Yes i nearly cried when i was watching it, the hedgie is very calm considering, then again it does ball up quite suddenly a few times which means its probably on edge  
I just can't believe how people can be like that, let a little animal fall from such a height and just laugh. And shes all ****y in the face of the camera, shouting as loud as possible. Doesn't care when she scares the poor thing. Just horrid.


----------



## Immortalia (Jan 24, 2009)

Poor hedgie  
I think the owner is the one out of frame, and the girl in front of the cam is just a friend. But either way, poor thing


----------



## FiaSpice (Jan 16, 2009)

that's really sad, I can't believe how people can be so cruel and not caring.


----------



## shetland (Sep 2, 2008)

That poor little baby. That is both physical abuse for the mishandling and emotional abuse for the torment. It is too bad this person is not known and reported to the authorities for her treatment of this helpless little one. It makes me physically ill thinking that this innocent hedgie must live in constant fear with the threat of physical injury and pain.


----------



## Anny (Jul 17, 2009)

The Vlogger is doing an great job at showing what an idiot she is...

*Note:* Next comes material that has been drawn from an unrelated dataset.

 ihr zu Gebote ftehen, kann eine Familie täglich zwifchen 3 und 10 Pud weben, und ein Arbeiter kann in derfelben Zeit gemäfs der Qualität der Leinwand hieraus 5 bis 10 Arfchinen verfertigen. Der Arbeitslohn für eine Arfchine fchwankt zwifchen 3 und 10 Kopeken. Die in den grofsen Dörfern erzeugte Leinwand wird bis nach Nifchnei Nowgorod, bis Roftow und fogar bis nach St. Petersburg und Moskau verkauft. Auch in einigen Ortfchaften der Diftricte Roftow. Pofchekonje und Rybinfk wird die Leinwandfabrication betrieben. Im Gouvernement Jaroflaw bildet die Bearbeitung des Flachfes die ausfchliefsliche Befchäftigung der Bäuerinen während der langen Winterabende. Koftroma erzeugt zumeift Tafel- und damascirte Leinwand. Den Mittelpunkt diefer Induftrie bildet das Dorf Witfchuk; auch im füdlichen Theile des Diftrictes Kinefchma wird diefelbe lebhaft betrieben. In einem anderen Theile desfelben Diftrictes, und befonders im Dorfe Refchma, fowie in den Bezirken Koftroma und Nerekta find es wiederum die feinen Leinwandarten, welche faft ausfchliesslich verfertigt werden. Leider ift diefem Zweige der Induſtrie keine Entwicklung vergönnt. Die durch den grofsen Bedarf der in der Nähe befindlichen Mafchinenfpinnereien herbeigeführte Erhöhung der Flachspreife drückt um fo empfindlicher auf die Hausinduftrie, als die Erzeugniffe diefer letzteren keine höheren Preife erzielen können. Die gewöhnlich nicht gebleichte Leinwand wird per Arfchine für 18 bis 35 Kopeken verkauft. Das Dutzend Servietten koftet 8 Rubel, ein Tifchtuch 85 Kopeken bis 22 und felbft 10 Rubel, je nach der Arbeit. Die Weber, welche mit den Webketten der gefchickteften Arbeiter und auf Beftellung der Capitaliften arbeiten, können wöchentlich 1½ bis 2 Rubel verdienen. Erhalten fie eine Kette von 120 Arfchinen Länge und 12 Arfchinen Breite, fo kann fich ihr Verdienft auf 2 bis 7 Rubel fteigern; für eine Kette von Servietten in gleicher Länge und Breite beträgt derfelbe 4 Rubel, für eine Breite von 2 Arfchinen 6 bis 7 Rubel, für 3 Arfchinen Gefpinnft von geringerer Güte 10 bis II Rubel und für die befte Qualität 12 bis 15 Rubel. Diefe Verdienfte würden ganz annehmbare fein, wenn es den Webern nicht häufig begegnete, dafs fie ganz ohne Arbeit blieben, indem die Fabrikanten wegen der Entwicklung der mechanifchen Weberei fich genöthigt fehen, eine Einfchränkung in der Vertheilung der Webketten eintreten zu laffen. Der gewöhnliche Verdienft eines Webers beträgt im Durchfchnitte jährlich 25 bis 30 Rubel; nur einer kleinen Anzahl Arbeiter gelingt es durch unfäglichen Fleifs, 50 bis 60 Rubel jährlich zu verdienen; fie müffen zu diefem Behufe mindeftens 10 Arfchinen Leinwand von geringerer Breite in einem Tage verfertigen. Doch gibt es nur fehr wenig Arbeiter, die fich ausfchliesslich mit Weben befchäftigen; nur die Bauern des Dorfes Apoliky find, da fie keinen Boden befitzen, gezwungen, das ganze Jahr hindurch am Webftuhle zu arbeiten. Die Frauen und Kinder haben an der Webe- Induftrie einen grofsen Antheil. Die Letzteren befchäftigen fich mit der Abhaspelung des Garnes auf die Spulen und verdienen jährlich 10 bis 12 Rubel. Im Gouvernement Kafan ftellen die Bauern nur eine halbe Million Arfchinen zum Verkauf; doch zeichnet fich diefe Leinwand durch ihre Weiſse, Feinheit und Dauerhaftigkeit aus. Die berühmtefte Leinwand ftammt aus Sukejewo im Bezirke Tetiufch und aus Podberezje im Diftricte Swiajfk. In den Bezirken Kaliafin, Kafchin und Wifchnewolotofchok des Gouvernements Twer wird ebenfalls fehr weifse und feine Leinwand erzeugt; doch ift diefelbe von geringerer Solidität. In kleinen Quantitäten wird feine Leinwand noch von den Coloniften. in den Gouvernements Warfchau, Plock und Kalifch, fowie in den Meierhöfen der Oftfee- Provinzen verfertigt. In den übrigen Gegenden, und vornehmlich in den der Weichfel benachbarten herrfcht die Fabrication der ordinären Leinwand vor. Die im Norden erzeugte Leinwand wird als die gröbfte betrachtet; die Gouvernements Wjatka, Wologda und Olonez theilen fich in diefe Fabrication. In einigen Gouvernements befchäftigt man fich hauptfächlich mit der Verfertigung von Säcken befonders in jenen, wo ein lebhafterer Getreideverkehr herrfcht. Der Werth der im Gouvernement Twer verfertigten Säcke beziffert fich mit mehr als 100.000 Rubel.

I'll keep my comments to that, very tempting to want to say more!!!


----------



## talibali (Aug 15, 2009)

How i wish there were good words i could say but... I am not going to say anything other than the water was way to high from what i read on her... and she was teaseinf it. GGGGGRRRRRRRRRRRRRRR :twisted: :shock:       :evil: :evil: :evil:    :twisted: :twisted: :twisted: :twisted: :twisted:


----------



## Bookgobbler (Aug 13, 2009)

the hedgie looks to be a sweetheart and I just feel sad watching the video.


----------



## freda (Jun 21, 2009)

omg this is sickening. i feel so bad for that poor hedgehog.


----------



## Nancy (Aug 22, 2008)

Anny said:


> The Vlogger is doing an great job at showing what an idiot she is...


That was my thoughts too only the word I was thinking of started with an A. :lol:


----------



## smhufflepuff (Aug 28, 2008)

That was bad. I couldn't watch the whole thing. Poor little fuffer


----------



## Herisson (Jan 7, 2009)

I have offered to buy Trixie from the owner.


----------



## LarryT (May 12, 2009)

Herisson said:


> I have offered to buy Trixie from the owner.

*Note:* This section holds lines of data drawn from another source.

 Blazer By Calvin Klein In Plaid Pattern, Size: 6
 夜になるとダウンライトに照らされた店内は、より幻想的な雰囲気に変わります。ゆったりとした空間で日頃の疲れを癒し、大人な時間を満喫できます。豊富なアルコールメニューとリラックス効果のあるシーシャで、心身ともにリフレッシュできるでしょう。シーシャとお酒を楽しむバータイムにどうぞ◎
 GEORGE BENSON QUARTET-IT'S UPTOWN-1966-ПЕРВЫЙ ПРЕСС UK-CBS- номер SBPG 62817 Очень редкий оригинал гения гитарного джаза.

That is nice of you to do  this hedgie needs help and i hope the owners will sell her to you because i know u and mr.cheezy will give trixie a loving home like she deserves.


----------



## amanda (Nov 24, 2008)

you accidently sent me a message about trixie to my youtube account...


----------



## Pipkin (Aug 26, 2009)

The videos been removed by the user?????

Its not someone on here is it?


----------



## LarryT (May 12, 2009)

I know of at least 2 people on here that complained to u tube  and i sent them stupid girls a few nasty messages as well


----------



## Pipkin (Aug 26, 2009)

Oh thats really good  im not that good at youtube, i only go on to look at cute hedgie vids  so i didnt want to complain with not knowing enough about it. Im glad someone did though and you Larry - Thank you.


----------



## amanda (Nov 24, 2008)

I'm pretty sure no one on here would EVER do that to their hedgehog. It has been removed, and I think a couple of us created youtube accounts just to leave them a message about our concerns of how they were handling Trixie. I know I did! Herrison- I think it was very bold and concerned of you to offer to buy Trixie from them; you would undoubtably make a better home for that sweet hedgie girl!

-Amanda


----------



## Anny (Jul 17, 2009)

I'm not surprised the person removed the video! I was one of the people that had left a comment and honestly am surprised they didn't pull the video earlier...

Who is dumb enough to leave proof of their stupidity for all the world to see?! lol

I'm just hoping that the owner of this hedgie got of a clue with the feedback of the video. I'm still a bit stunned that they tried excusing the behavior just because they were close to a bed with comforter... Like that would make everything ok...

Sheesh!


----------



## Pipkin (Aug 26, 2009)

Oh so did the owner reply then to your comments?
I didn't look at the video after the first time.


----------